Tuesday, October 9, 2012


When I was a young boy my secret wish was to go out west, which I interpreted as Texas, because that seemed to be where most of the westerns that I saw on TV took place.  This place of my imagination was filled with wide open spaces clothed in scant vegetation and backed by mountains and by buttes and mesas, a place very different from the landscape of southern Michigan where I grew up with its lush, gently rolling hills and with not even a hint of a mountain in sight.  But that western landscape of my childhood was just the sort of terrain that we passed through on this second day of our adventure in south central Utah.

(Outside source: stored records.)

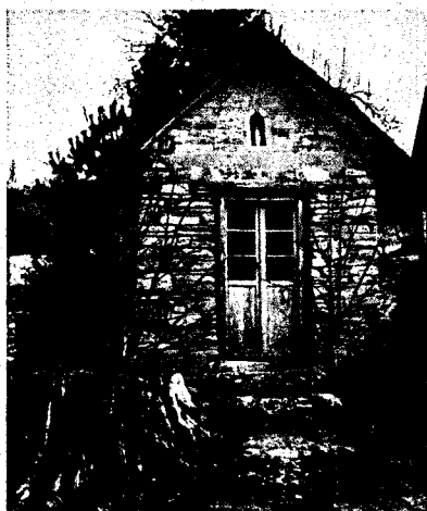
Kapliczka w Lisznej.
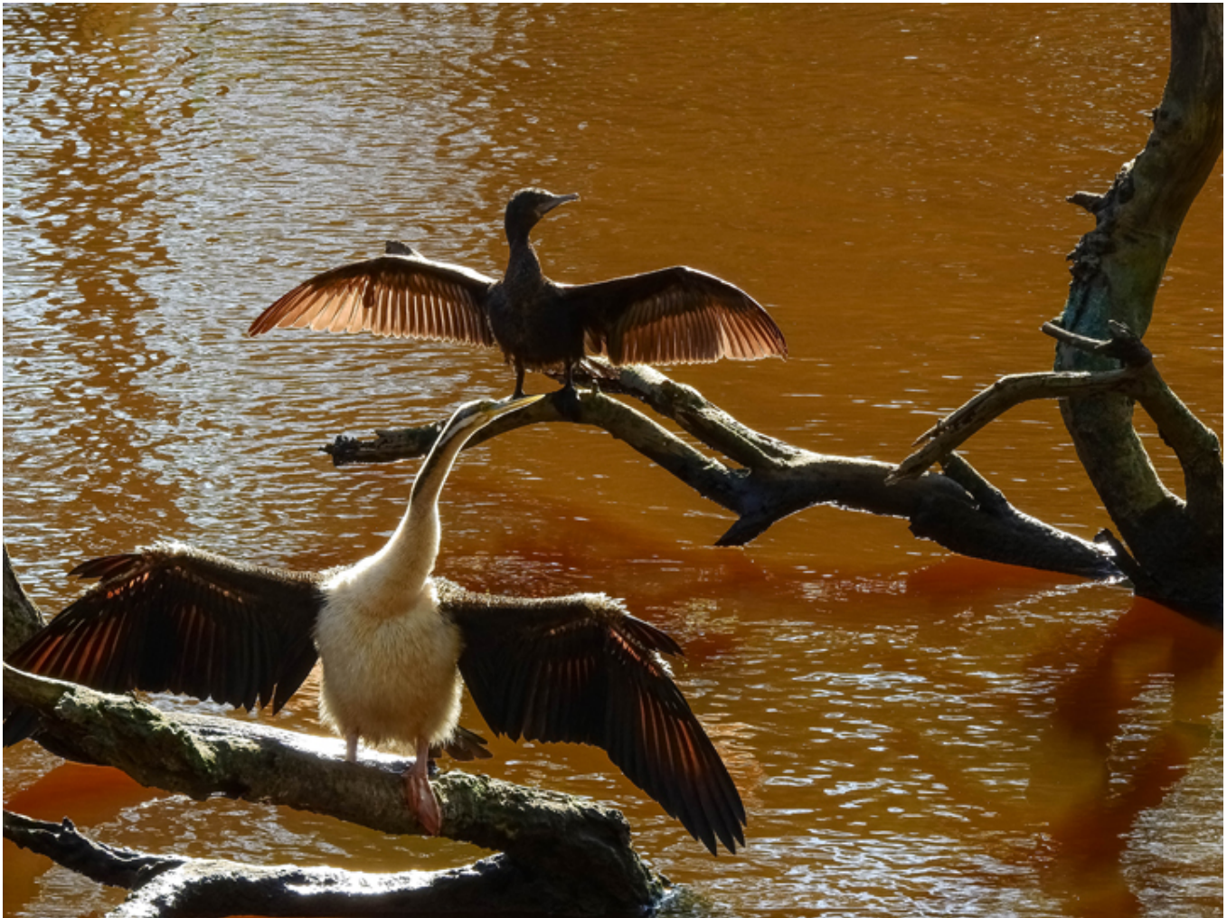
Na skrzydłach kormoranów
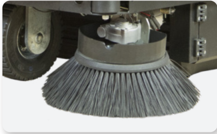
Braccio spazzola laterale sinistro Left side brush arm Brazo lateral izquierda
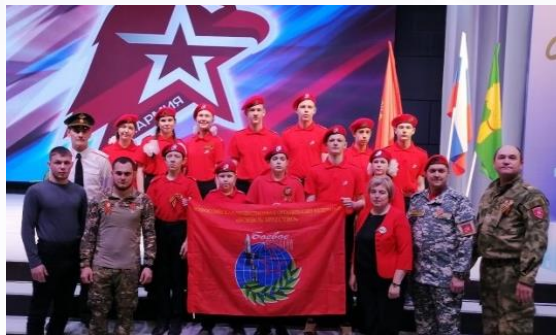
Посвящение старшекласников в ряды юнармейцев
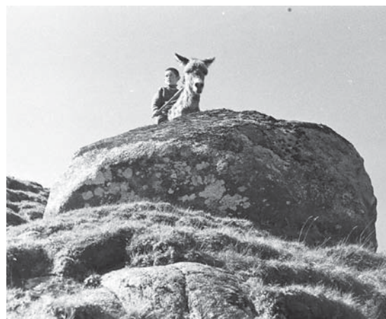
Шахмырзаланы Алексейни Огъары Малкъарда алынган сураты.

биринчиси уа «Кабардино-Балкарская правда» газетде 1960 жылда басмалангъанды.
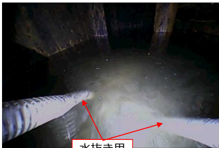
水抜き用のホース
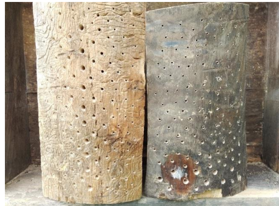
Eichen- und Ahorn-Haus
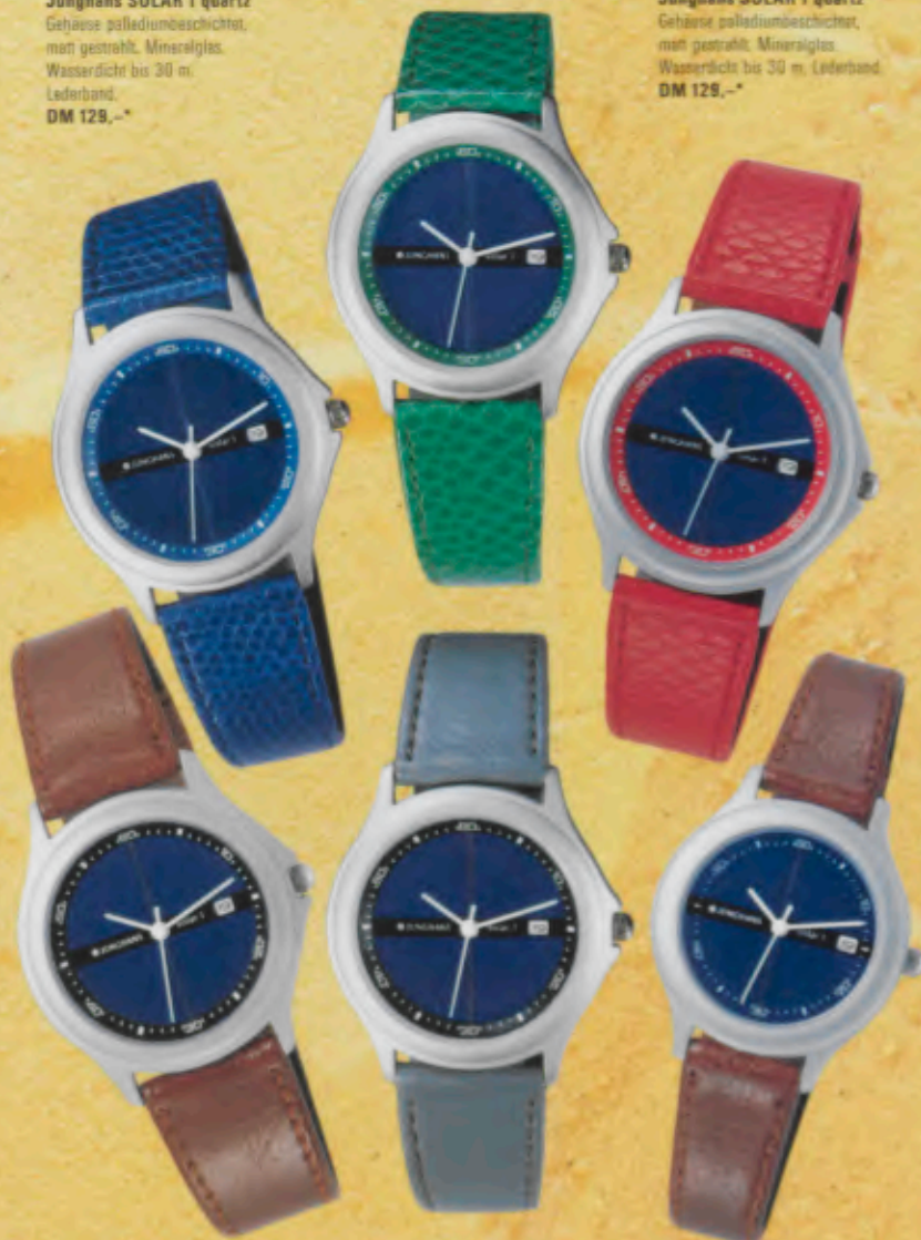
Modell 024/1330 Jungmans SOLAR 1 quartz Gehäuse palladiumbeschichtet, matt gestrahlt, Mineralglas, Wasserdicht bis 30 m, Lederband. DM 129,-*
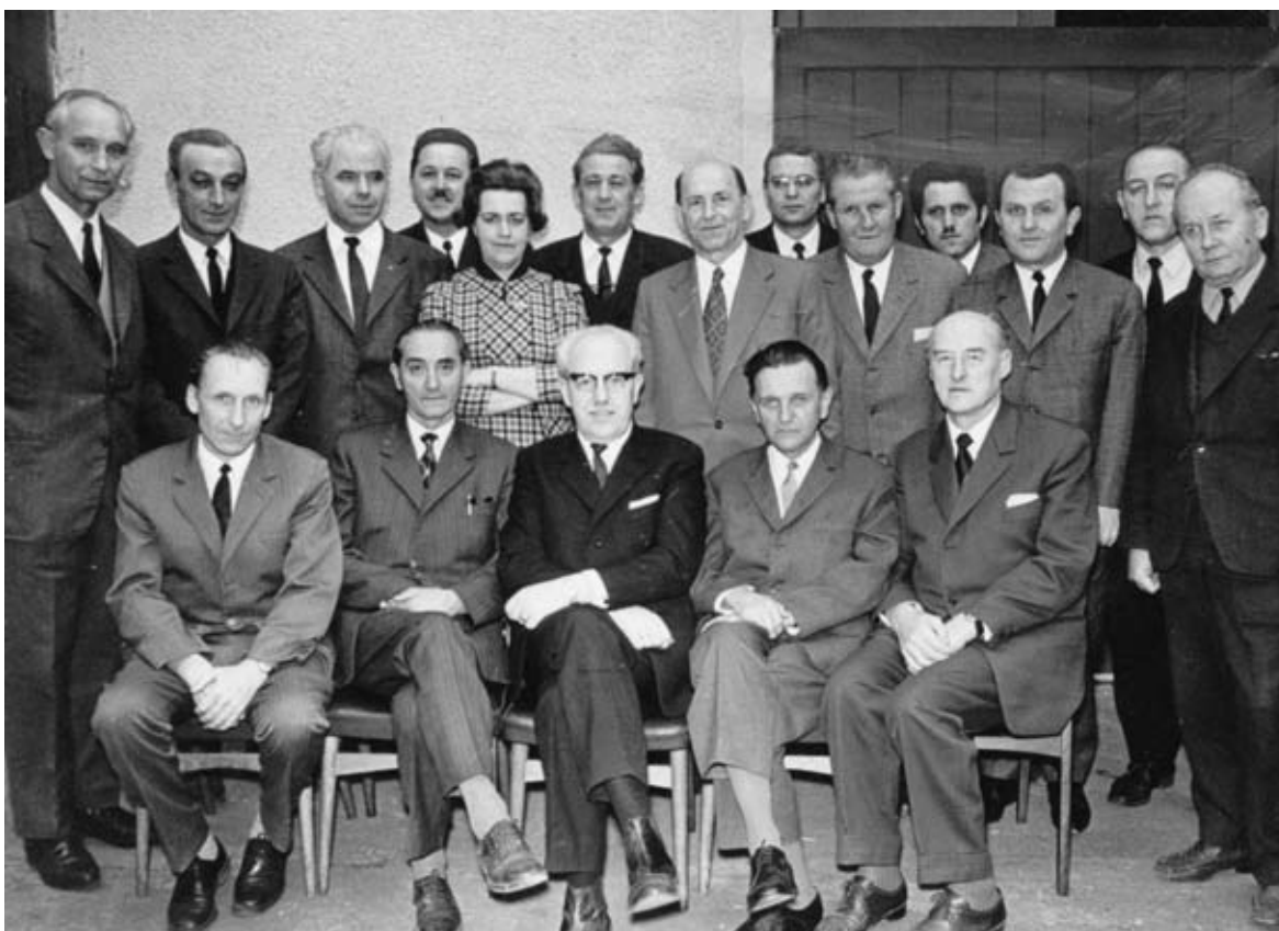
Člani Nogometne podzveze Maribor, leta 1971.

Disciplinska komisija NZ Jugoslavije je kaznovala Branik s 6-mesečno prepovedjo igranja, Harlovac je postal drugoligaš, naslednji dan (11. avgusta 1960) pa je Upravni odbor MŠD Branik razpustil nogometni klub Branik.

We first drove 20-30 miles west from where we stayed in Hanksville, Utah through the northern portion of Capitol Reef National Park, which is a long, narrow park that runs roughly north and south.   We then drove south along the eastern side of the park before heading west through a beautiful canyon at the southern end of the park and then drove back north to the west of the park to the road that we had initially driven to come into the park.  This was truly backcountry.  There were few other cars on the roads, long stretches of which were unpaved but easily passable, especially with Jeff's new Xterra.

One of the first places we stopped in Capitol Reef was to view some prominent petroglyphs that the Park Service had done a nice job in providing access to.

There is a grandeur to this area that is difficult to capture in photographs, particularly when you are trying to do so on the fly.  My first attempts were spent in photographing the many mesas that we passed by.  I was intrigued by the geology of the terrain and was trying to capture some of that as well as the overall landscape.  Here are a couple of those efforts.

Here was another attempt that included the highway to provide some context.

But perhaps the best opportunities to capture this landscape were where the vista included successive ranges of mesas and mountains, as in the following shots.

I liked the dead trees in this first shot, but the shot below, cropped horizontally to emphasize the overall openness, I think does a better job.

There were numerous opportunities, too, to take a closer look at some of the lines created by the geology of the area, as in the following shots.

On the latter part of the drive, as we were heading back north, we passed through miles of aspen that were in full color.  Again, I had a problem trying to include both the color and the overall landscape of the scene without the shot looking too much like a scene from a dime store calendar.

As we passed through Capitol Reef a second time at the end of the day, Bei pointed out that the park included apple orchards that offered free apple picking, as long as you ate the apples in the grove.  Here was one of those groves.

Bei's adventure picking apples was threatened by a buck who loped through the grove toward her, apparently intent on heading her off from the apples.  But when she persisted, the buck backed off.

Taken with my Nikon D7000 with Nikkor 24-120mm f/4 lens.